[alt-photo] Re: Coating Silver Chloride Paper - Similar to AZO?

Don Bryant donsbryant at gmail.com
Sun Mar 11 23:09:10 GMT 2012


Have you tried the Slavich graded papers from Freestyle? A friend in
Wisconsin, who is a very good printer, recommends their products as an
alternative to AZO (he is very familiar with AZO). It's a projection speed
paper but works fine for contact printing. Try some with Ansco 130 developer
and I think you will be quite pleased. The other plus for thes paper is that
it is sold in different grades. I don't know if will respond to split ater
bath development like AZO but it's probably worth a try.

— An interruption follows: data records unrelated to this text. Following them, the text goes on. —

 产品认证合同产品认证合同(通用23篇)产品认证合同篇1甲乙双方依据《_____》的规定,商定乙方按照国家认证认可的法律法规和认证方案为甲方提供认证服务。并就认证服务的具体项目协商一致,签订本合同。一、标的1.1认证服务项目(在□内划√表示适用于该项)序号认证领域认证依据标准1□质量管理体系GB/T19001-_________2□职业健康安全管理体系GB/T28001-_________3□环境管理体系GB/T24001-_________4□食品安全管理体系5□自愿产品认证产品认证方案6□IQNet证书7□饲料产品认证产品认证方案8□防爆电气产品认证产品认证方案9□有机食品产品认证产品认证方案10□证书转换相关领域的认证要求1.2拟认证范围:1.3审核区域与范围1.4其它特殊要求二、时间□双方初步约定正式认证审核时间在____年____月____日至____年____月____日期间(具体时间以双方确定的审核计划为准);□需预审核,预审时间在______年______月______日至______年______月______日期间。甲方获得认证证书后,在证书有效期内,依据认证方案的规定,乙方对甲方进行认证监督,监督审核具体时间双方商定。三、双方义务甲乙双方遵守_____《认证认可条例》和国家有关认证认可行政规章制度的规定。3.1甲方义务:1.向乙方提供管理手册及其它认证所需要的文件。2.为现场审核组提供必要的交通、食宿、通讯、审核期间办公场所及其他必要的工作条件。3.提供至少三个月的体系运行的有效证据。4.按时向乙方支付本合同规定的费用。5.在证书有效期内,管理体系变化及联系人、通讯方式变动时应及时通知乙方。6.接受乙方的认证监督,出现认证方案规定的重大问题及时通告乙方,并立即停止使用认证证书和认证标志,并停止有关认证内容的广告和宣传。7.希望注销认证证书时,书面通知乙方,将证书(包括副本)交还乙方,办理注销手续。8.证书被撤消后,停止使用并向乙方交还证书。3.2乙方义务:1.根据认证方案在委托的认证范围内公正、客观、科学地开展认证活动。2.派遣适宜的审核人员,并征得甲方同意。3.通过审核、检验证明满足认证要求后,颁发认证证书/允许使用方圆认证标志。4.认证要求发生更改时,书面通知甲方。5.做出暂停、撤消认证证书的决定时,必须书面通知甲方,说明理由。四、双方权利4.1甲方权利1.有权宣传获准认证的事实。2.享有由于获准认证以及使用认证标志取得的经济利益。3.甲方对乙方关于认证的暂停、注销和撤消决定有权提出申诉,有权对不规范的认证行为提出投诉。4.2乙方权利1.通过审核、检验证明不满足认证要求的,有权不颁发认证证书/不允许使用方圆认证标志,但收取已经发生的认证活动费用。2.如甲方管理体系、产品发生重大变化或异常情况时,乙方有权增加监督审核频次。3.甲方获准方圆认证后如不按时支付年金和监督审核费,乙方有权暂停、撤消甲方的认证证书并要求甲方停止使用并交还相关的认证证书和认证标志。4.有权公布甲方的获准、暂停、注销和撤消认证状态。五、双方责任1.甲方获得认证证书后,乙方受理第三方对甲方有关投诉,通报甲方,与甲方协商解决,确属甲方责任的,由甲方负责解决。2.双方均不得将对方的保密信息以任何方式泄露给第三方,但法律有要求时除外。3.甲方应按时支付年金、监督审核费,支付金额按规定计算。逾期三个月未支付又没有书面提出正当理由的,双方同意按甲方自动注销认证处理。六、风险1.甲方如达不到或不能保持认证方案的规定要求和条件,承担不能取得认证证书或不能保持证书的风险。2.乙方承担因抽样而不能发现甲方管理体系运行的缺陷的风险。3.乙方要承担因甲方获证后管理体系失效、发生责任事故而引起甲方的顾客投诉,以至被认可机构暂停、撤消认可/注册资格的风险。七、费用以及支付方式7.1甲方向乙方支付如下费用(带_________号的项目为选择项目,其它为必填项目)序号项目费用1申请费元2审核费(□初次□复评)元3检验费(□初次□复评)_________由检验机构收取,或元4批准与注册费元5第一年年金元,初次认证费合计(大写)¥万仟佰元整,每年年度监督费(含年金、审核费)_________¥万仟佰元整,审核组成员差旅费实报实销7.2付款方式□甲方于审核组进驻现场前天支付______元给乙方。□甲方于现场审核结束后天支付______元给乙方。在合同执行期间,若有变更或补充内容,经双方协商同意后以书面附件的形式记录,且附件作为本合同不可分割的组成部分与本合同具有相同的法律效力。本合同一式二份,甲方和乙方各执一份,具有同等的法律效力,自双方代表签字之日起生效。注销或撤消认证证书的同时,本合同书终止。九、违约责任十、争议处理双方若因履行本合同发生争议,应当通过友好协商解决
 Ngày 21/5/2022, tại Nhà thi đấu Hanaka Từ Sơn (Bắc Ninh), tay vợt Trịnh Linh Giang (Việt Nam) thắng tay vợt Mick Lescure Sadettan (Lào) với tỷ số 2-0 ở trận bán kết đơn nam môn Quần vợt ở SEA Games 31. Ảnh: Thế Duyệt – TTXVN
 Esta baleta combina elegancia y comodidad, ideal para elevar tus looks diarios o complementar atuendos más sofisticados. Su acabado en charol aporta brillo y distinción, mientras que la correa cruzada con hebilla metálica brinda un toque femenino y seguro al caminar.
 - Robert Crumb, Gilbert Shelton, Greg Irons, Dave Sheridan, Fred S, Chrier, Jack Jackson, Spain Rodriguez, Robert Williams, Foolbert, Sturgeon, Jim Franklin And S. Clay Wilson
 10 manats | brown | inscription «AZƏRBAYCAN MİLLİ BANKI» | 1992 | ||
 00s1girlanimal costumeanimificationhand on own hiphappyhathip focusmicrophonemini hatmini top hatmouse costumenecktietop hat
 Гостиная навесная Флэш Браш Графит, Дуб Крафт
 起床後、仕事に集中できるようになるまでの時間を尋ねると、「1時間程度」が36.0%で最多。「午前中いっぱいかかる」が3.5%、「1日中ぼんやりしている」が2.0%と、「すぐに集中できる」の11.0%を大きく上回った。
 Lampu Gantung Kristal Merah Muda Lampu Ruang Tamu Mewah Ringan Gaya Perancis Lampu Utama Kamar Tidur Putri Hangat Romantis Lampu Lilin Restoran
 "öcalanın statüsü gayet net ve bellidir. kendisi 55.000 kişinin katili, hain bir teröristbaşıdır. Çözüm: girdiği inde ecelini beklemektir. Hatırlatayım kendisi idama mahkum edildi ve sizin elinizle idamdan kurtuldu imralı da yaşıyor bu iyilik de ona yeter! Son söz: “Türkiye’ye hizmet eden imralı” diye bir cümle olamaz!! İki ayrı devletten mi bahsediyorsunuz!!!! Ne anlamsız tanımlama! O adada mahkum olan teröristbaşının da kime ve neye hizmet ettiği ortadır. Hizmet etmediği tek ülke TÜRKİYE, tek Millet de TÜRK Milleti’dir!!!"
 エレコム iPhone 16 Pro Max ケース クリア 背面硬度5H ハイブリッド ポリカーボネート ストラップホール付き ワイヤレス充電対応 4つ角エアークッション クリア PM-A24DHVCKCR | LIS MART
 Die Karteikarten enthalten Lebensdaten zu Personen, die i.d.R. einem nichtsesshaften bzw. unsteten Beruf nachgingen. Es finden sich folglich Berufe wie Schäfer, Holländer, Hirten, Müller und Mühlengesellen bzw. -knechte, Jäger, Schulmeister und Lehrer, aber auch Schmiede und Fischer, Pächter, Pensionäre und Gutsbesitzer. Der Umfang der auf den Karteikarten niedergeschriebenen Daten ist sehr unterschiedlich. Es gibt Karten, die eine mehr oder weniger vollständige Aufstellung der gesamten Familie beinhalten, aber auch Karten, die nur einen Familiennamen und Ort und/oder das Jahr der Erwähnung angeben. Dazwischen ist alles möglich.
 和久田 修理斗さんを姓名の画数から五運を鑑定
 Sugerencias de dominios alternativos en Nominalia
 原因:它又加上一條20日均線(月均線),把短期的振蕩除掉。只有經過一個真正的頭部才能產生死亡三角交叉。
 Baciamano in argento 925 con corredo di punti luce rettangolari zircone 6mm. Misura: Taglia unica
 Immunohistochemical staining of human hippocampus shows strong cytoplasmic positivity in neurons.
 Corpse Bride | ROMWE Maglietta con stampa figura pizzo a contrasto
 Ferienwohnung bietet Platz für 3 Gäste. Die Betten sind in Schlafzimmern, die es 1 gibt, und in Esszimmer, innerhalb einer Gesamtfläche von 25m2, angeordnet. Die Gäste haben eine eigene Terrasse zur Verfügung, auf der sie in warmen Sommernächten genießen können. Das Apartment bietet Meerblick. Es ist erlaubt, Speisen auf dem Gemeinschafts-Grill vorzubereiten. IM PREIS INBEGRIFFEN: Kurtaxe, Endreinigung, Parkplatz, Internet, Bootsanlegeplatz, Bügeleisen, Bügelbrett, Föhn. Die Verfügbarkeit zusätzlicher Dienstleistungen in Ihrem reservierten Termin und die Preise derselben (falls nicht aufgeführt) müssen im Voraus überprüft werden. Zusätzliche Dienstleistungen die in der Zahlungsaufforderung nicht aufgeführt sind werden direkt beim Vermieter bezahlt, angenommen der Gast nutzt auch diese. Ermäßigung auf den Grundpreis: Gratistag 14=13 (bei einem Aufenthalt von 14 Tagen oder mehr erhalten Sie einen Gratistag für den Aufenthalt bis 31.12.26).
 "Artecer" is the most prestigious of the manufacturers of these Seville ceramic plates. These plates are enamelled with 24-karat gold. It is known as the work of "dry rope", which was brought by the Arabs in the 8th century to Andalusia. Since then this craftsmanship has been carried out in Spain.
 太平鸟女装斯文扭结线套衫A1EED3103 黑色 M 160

If the rabble on APUG is to be trusted, Slavich rates as a good paper at
reasonable cost. And it ships from the west coast!


-----Original Message-----
From: alt-photo-process-list-bounces at lists.altphotolist.org
[mailto:alt-photo-process-list-bounces at lists.altphotolist.org] On Behalf Of
Francesco Fragomeni
Sent: Saturday, March 10, 2012 3:49 PM
To: The alternative photographic processes mailing list
Subject: [alt-photo] Re: Coating Silver Chloride Paper - Similar to AZO?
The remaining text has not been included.